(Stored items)
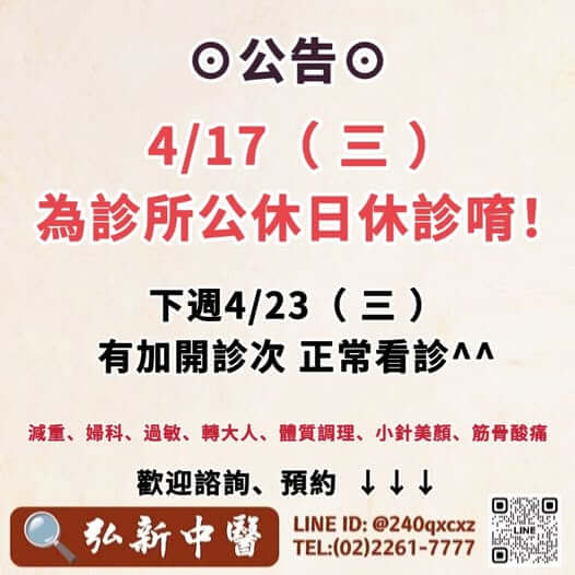 休診公告:4/17為診所休診日唷~
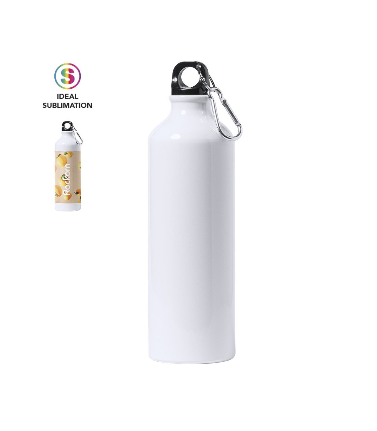 Bidones de aluminio de 800ml de capacidad. Acabado en suave y brillante color blanco, especialmente diseñado para marcaje en sublimación. Con tapón de seguridad a rosca y mosquetón metálico de transporte. Embalado en original caja de diseño.
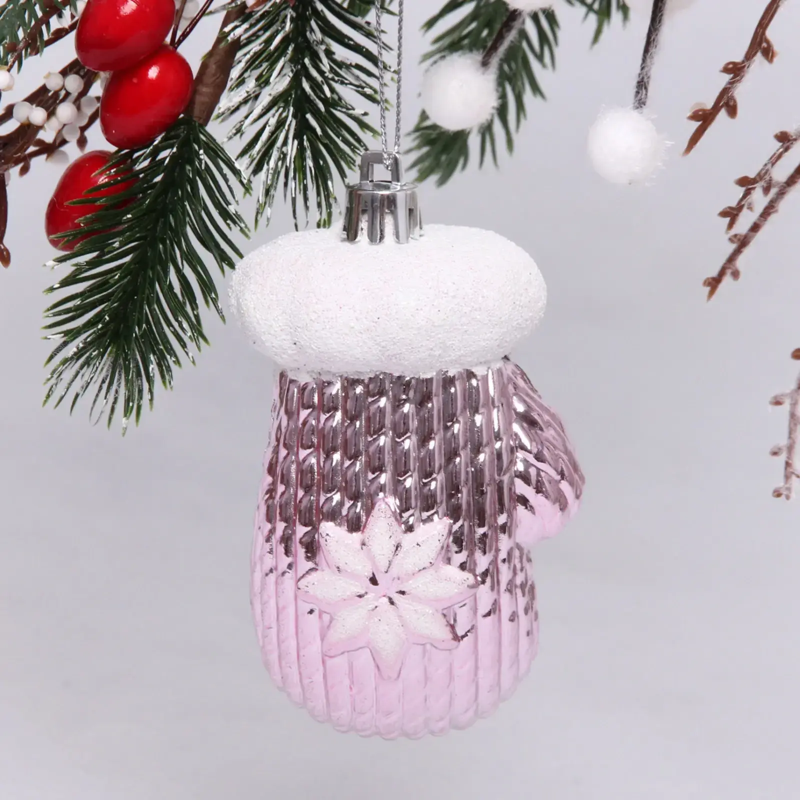 Эта очаровательная ёлочная игрушка в форме варежки добавит уют и праздничное настроение в ваш дом. Выполненная в нежном розовом цвете с белым верхом, она станет ярким акцентом на вашей новогодней ёлке. Благодаря гладкой, блестящей поверхности и рельефному дизайну, игрушка выглядит стильно и современно, привнося в интерьер атмосферу тепла и радости.
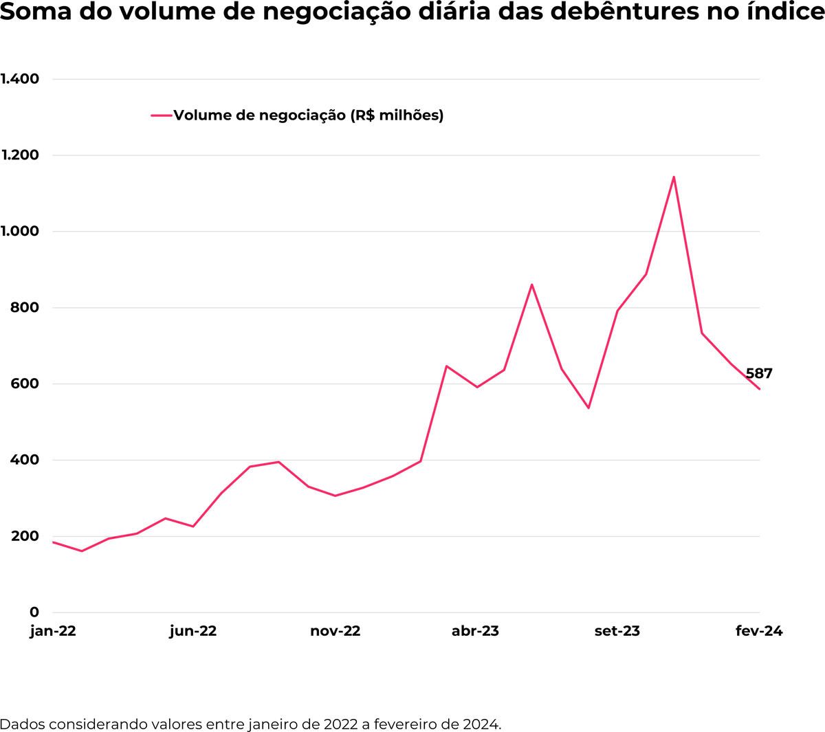 Em janeiro o valor de negociações médias por dia das debêntures no índice seguiu em queda com um total de R$ 587 milhões.
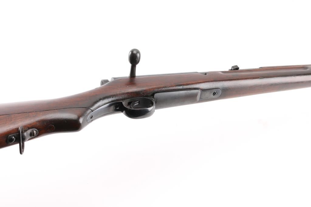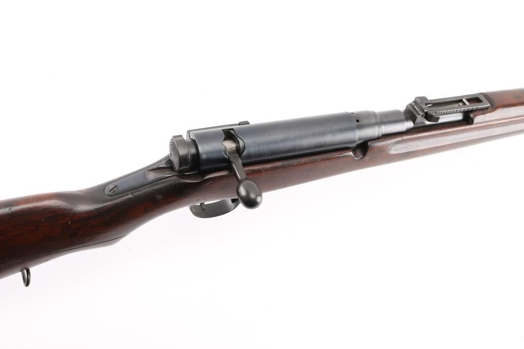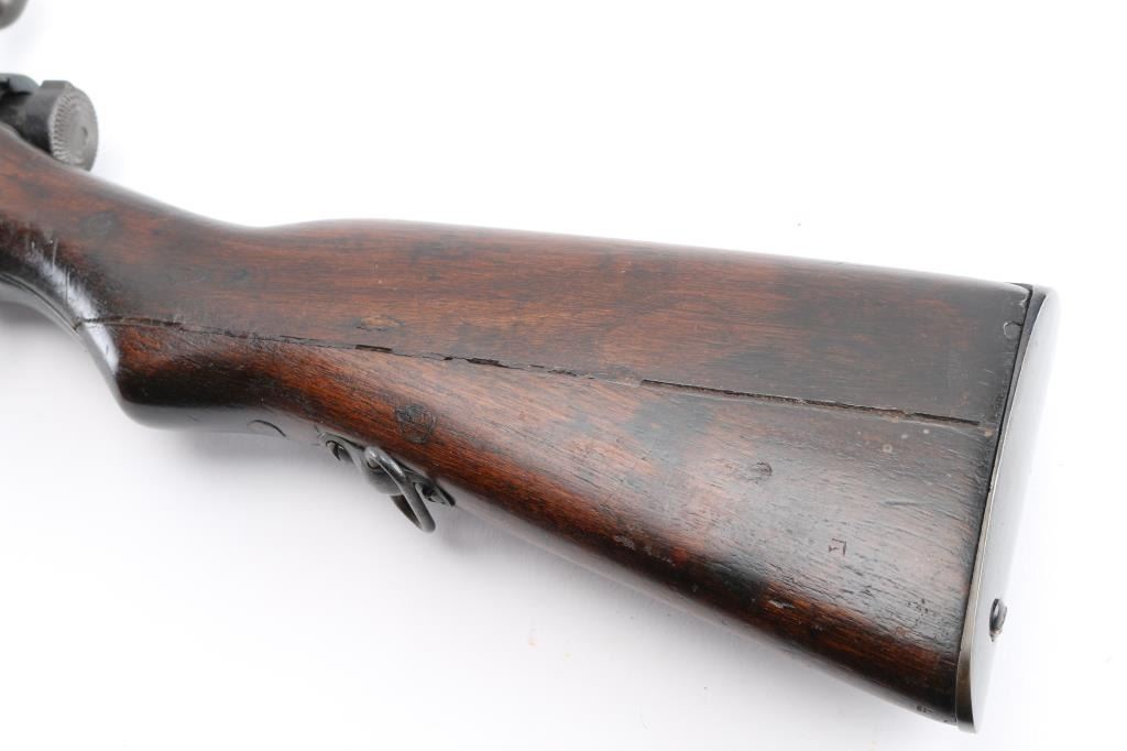 GOOD: Some minor replacement parts; metal smoothly rusted or lightly pitted in places, cleaned or re-blued; principal letters, numerals and design on metal legible; wood refinished, scratched bruised or minor cracks repaired; in good working order.

◆ **Exercise brief**
Copy the records above from the first line through the line containing "Bidones de aluminio", both included, and leave out any pictures.

◆ **Answer box**
 休診公告:4/17為診所休診日唷~
 Bidones de aluminio de 800ml de capacidad. Acabado en suave y brillante color blanco, especialmente diseñado para marcaje en sublimación. Con tapón de seguridad a rosca y mosquetón metálico de transporte. Embalado en original caja de diseño.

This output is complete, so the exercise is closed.